* _DATA FOR REVIEW_
#####
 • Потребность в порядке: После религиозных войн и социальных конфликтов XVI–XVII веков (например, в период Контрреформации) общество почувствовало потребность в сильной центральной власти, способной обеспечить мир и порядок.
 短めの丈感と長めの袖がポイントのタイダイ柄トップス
#####
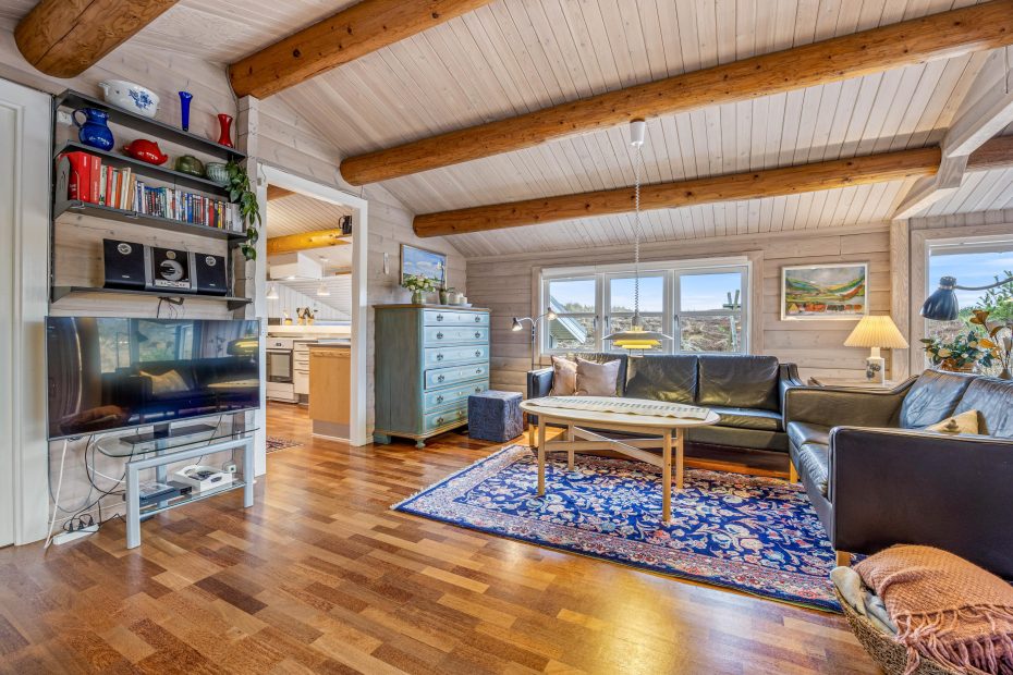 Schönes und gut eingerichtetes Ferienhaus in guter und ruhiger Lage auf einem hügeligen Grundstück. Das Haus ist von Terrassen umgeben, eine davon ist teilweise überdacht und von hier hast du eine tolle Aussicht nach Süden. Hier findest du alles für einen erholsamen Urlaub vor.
#####
* _EXERCISE BRIEF_
The answer is the run of lines above from the line containing "мир и порядок." through the line containing "短めの丈感と長めの袖がポイントのタイダイ柄トップス", copied exactly and alone.

* _OUTPUT OF THE EXERCISE_
 • Потребность в порядке: После религиозных войн и социальных конфликтов XVI–XVII веков (например, в период Контрреформации) общество почувствовало потребность в сильной центральной власти, способной обеспечить мир и порядок.
 短めの丈感と長めの袖がポイントのタイダイ柄トップス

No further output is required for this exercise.